WHAT IS EXPECTED ->
Pictures aside, output each record exactly.

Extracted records
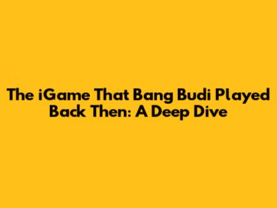 The IGame That Bang Budi Played Back Then: A Deep Dive
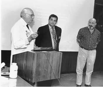 A team of health care officials from Argentina stopped by VUMC recently as part of a tour of U.S. hospitals. With Dean John Chapman (left) are Dr. Jorge Daniel Lemus (center), subsecretary of Medical Attention and Secretary of Resources and Health Programs, and Dr. Moises Modat, from the Ministry of Health of the Province of Buenos Aires.
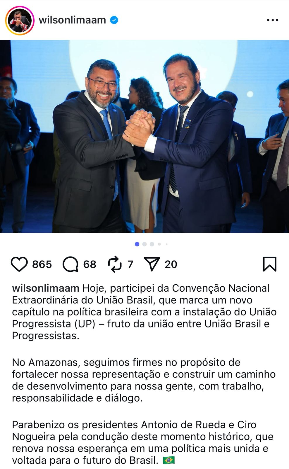 “No Amazonas, seguimos firmes no propósito de fortalecer nossa representação e construir um caminho de desenvolvimento para nossa gente, com trabalho, responsabilidade e diálogo. Parabenizo os presidentes Antonio de Rueda e Ciro Nogueira pela condução deste momento histórico, que renova nossa esperança em uma política mais unida e voltada para o futuro do Brasil”, escreveu o governador, que deve comandar a federação partidária no estado.
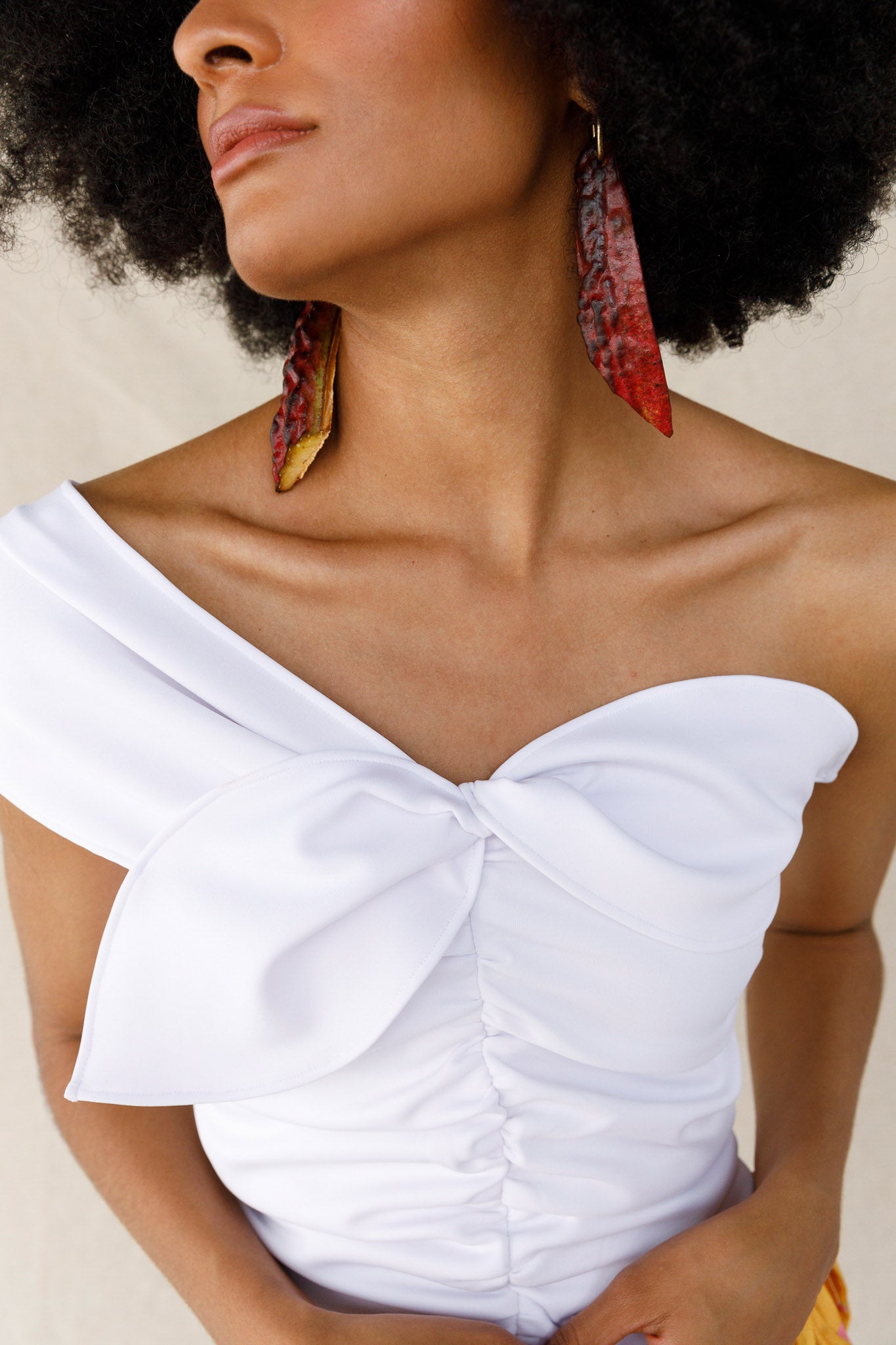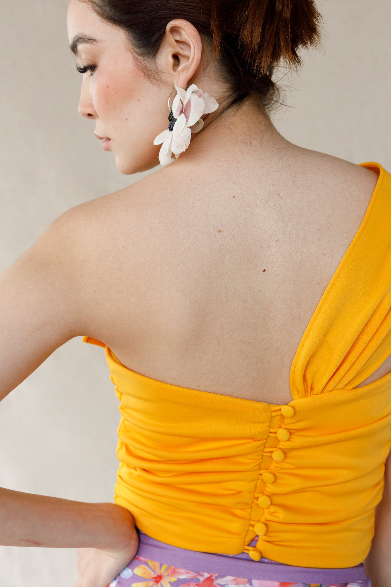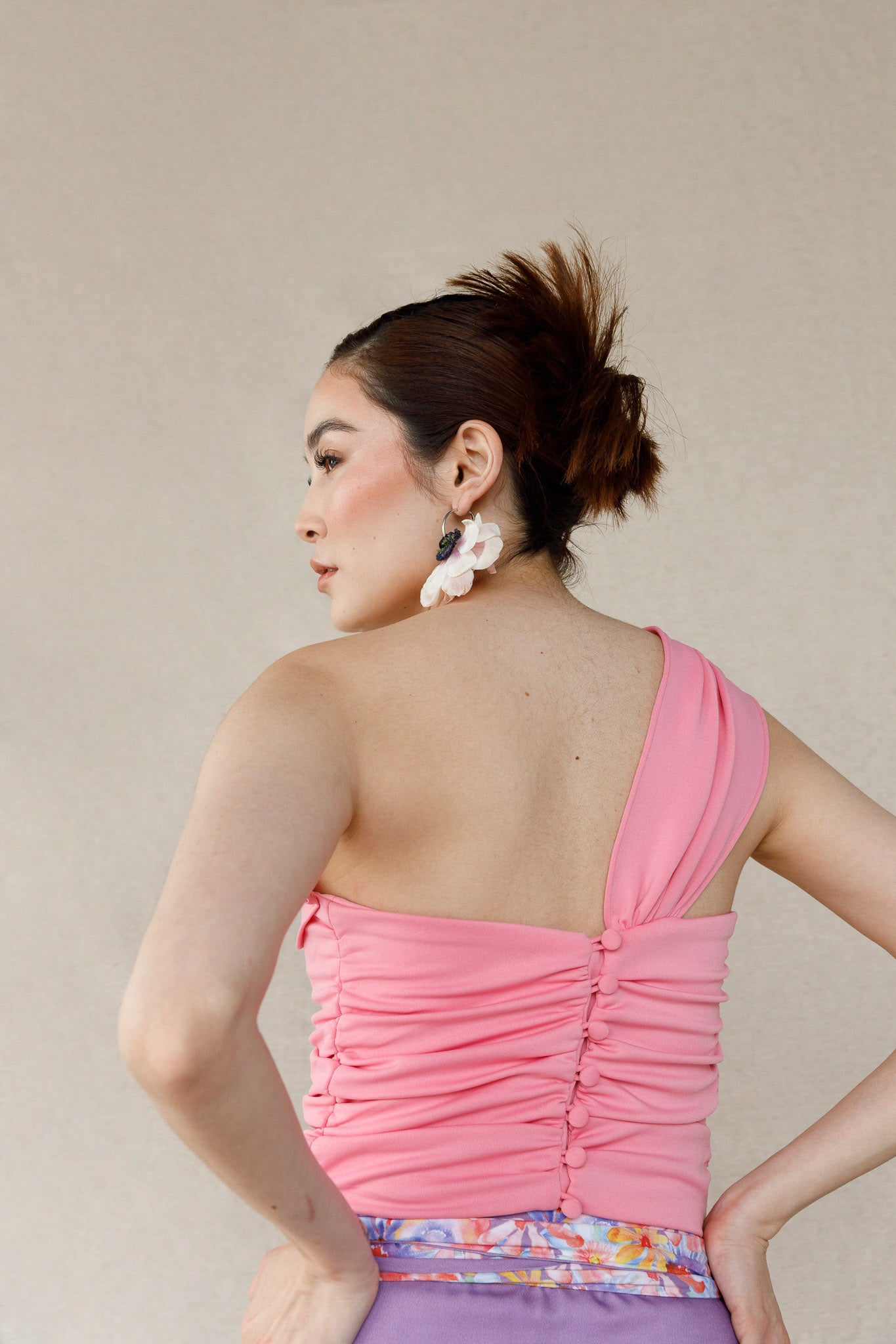 Con un gran detalle similar a un lazo en la parte delantera y un rastro de delicados botones en la parte posterior, este top femenino está diseñado para encantar. Utilizando una técnica fruncida, la tela abraza la figura de una manera que favorece a todos los tipos de cuerpo. Vístelo con una falda larga larga o con un par de jeans de cintura alta.
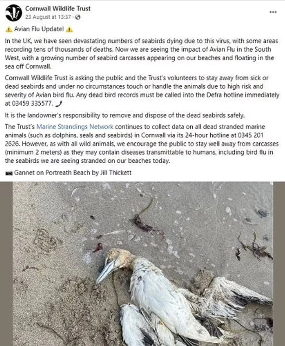 İngiltere'deki Cornwall Wildlife Trust geçen hafta bir uyarı yayınlayarak halkı hasta veya ölü deniz kuşlarından uzak durmaya ve 'hiçbir koşulda hayvanlara dokunmamaya' çağırdı. East Anglia Üniversitesi'nde bulaşıcı hastalık uzmanı olan Prof. Dr. Paul Hunter konuyla ilgili yaptığı açıklamada, 'Artık kuş gribinin insanlarda salgına neden olup olmayacağını konuşmak yerine bunun ne zaman gerçekleşeceğini konuşmamız gerekiyor' dedi.
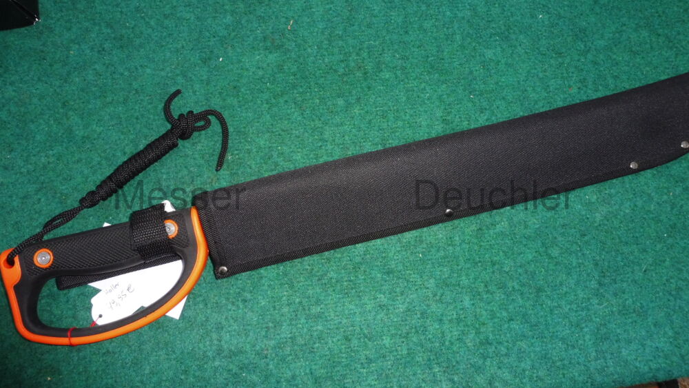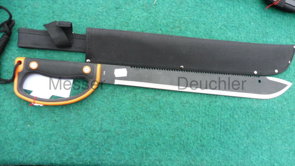 Beschreibung Machete Kräftige Machete aus schwarz beschichtetem, 420 rostfreiem Stahl mit kräftiger Säge am Klingenrücken. Der gummierte Kunststoffgriff liegt besonders rutschfest in der Hand. Zusät... ...weiterlesen
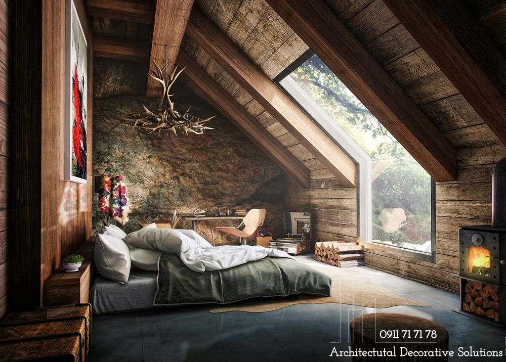 Một phòng ngủ trên tầng áp mái với khung cửa kính kéo dài lên giữa mái nhà. Không gian được bao phủ bởi gỗ thô mộc đơn giản cùng đá rêu phong. Bạn giống như đang được đắm mình giữa thiên nhiên, được ôm ấp, che chở và ru giấc ngủ ngon.
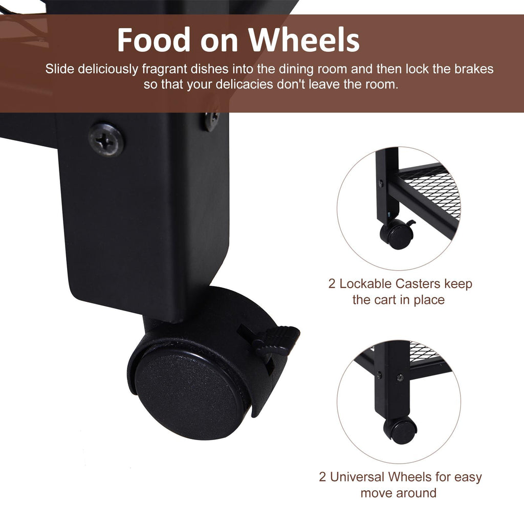 Carrello Portavivande da Cucina 3 Ripiani 60x40x76,5 cm in Metallo e Legno Nero

ANSWER BOX ->
 The IGame That Bang Budi Played Back Then: A Deep Dive
 A team of health care officials from Argentina stopped by VUMC recently as part of a tour of U.S. hospitals. With Dean John Chapman (left) are Dr. Jorge Daniel Lemus (center), subsecretary of Medical Attention and Secretary of Resources and Health Programs, and Dr. Moises Modat, from the Ministry of Health of the Province of Buenos Aires.
 “No Amazonas, seguimos firmes no propósito de fortalecer nossa representação e construir um caminho de desenvolvimento para nossa gente, com trabalho, responsabilidade e diálogo. Parabenizo os presidentes Antonio de Rueda e Ciro Nogueira pela condução deste momento histórico, que renova nossa esperança em uma política mais unida e voltada para o futuro do Brasil”, escreveu o governador, que deve comandar a federação partidária no estado.
 Con un gran detalle similar a un lazo en la parte delantera y un rastro de delicados botones en la parte posterior, este top femenino está diseñado para encantar. Utilizando una técnica fruncida, la tela abraza la figura de una manera que favorece a todos los tipos de cuerpo. Vístelo con una falda larga larga o con un par de jeans de cintura alta.
 İngiltere'deki Cornwall Wildlife Trust geçen hafta bir uyarı yayınlayarak halkı hasta veya ölü deniz kuşlarından uzak durmaya ve 'hiçbir koşulda hayvanlara dokunmamaya' çağırdı. East Anglia Üniversitesi'nde bulaşıcı hastalık uzmanı olan Prof. Dr. Paul Hunter konuyla ilgili yaptığı açıklamada, 'Artık kuş gribinin insanlarda salgına neden olup olmayacağını konuşmak yerine bunun ne zaman gerçekleşeceğini konuşmamız gerekiyor' dedi.
 Beschreibung Machete Kräftige Machete aus schwarz beschichtetem, 420 rostfreiem Stahl mit kräftiger Säge am Klingenrücken. Der gummierte Kunststoffgriff liegt besonders rutschfest in der Hand. Zusät... ...weiterlesen
 Một phòng ngủ trên tầng áp mái với khung cửa kính kéo dài lên giữa mái nhà. Không gian được bao phủ bởi gỗ thô mộc đơn giản cùng đá rêu phong. Bạn giống như đang được đắm mình giữa thiên nhiên, được ôm ấp, che chở và ru giấc ngủ ngon.
 Carrello Portavivande da Cucina 3 Ripiani 60x40x76,5 cm in Metallo e Legno Nero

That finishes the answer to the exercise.